Chronique

Grzegorz Karnas

Vanga

Grzegorz Karnas (voc), Miklós Lukács (cymbalum), Michał Jaros (b), Sebastian Frankiewicz (dms)

Label / Distribution : BMC Records

Le premier album du chanteur polonais Grzegorz Karnas pour le label Budapest Music Center, Audio Beads, avait permis la rencontre avec Miklós Lukács, virtuose du cymbalum. Pour Vanga, second témoignage de cette collaboration, la recette est la même hormis que cette fois, un trio de jeunes musiciens polonais se mesure au célèbre Hongrois. Cependant, il dénote un changement radical d’approche, laquelle se fait plus anguleuse. Aujourd’hui le violoncelle d’Adam Oleś cède la place à contrebasse sèche et agressive de Michał Jaros, jeune prodige de la scène polonaise qui devrait vite faire parler de lui dans toute l’Europe.
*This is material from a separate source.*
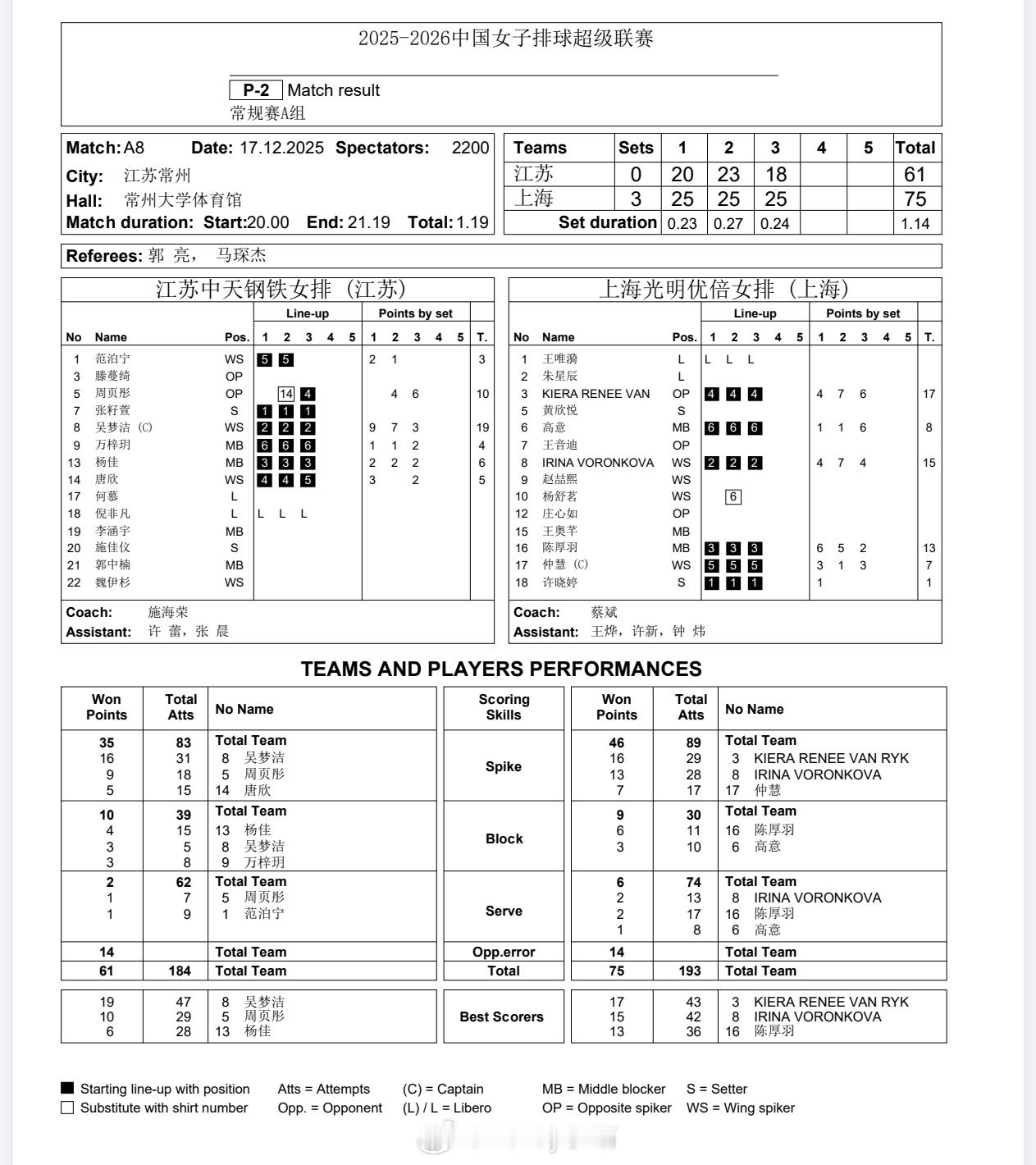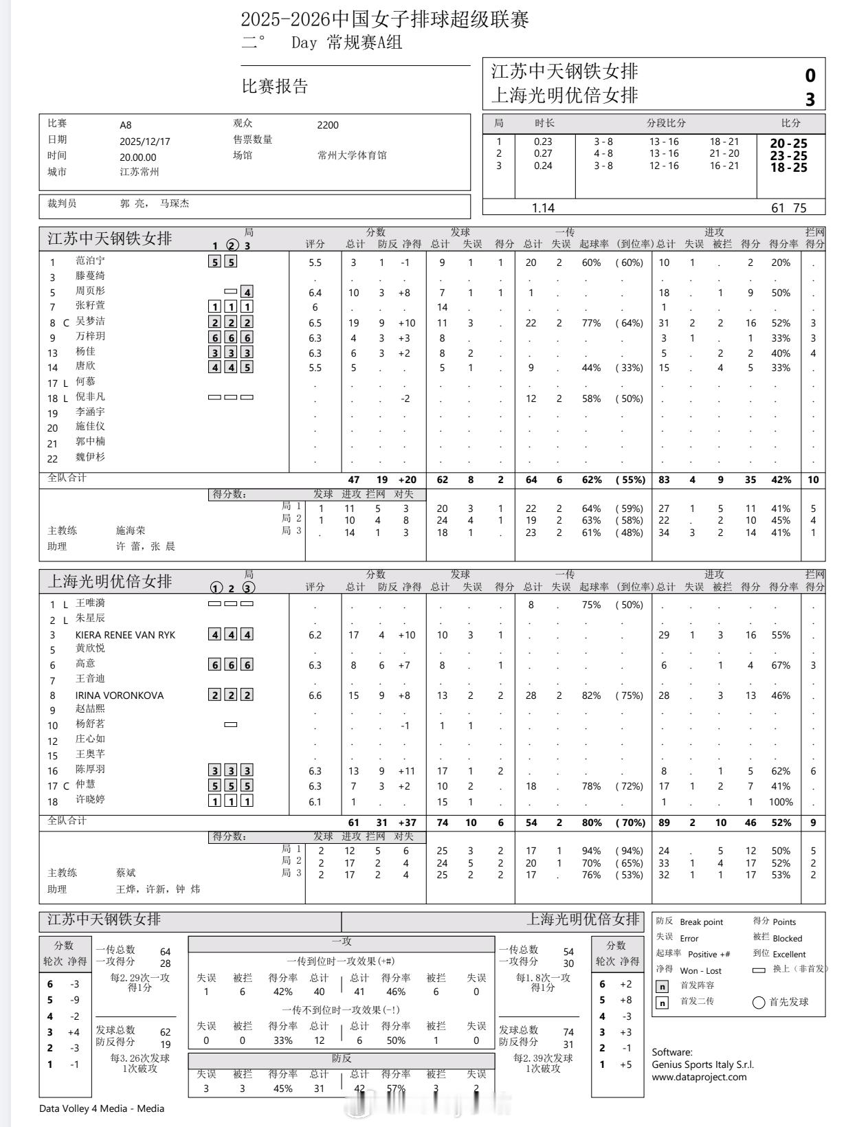 【技术统计】江苏女排0比3上海女排(20-25 23-25 18-25),陈厚羽3局6拦排超联赛2025-2026中国排球超级联赛

Il en résulte une musique où le timbre de la voix n’occupe plus la place centrale, occupée ici par une rythmique extrêmement efficace. Le batteur Sebastian Frankiewicz propose en effet un drumming à la fois fluide et puissant, merveilleusement accordé au jeu du contrebassiste. Il n’en relègue pas pour autant Karnas au rôle secondaire d’enlumineur, mais au contraire le pousse à jouer sur sa scansion parfaite. Ainsi, « The Ballad of Revenge » (enregistré, comme le reste de Vanga, en public à l’Opus Jazz Club de Budapest) construit un groove agrémenté par Karnas d’un scat acéré qui n’exclut pas une pointe d’humour. Dans ce contexte, le jeu de Lukács évolue également ; on est loin des prises de paroles impressionnistes qui se développaient jadis au fil de morceaux longs et parfois évanescents.

Car Vanga offre des formats plus courts où le cymbalum joue lui aussi de sa dimension rythmique. « Słoda », permet ainsi entre Jaros et Lukács un dialogue très volontaire pimenté par la voix de Karnas, toujours extraordinairement placée ; parfois, il laisse même les deux solistes en découdre dans ce qui est à n’en pas douter le sommet de l’album. Inspiré par les fulgurances mystiques de l’Ukrainienne Baba Vanga, sorte de Nostradamus moderne douée de « visions » suite à sa cécité accidentelle, ce disque dégage la même impression mystérieuse que les précédents. Le recours à un puissant écho sur la voix, destiné à lui conférer un aspect onirique, aurait pu être désastreux : il est remarquablement géré par cet authentique instrumentiste vocal, qui en joue avec beaucoup de malice (« Heal Me Out »). Voici l’album d’un chanteur qui n’étouffe pas la créativité de ses comparses, et profite même de l’espace qu’ils créent. Le résultat, direct et collectif, le rend très agréable.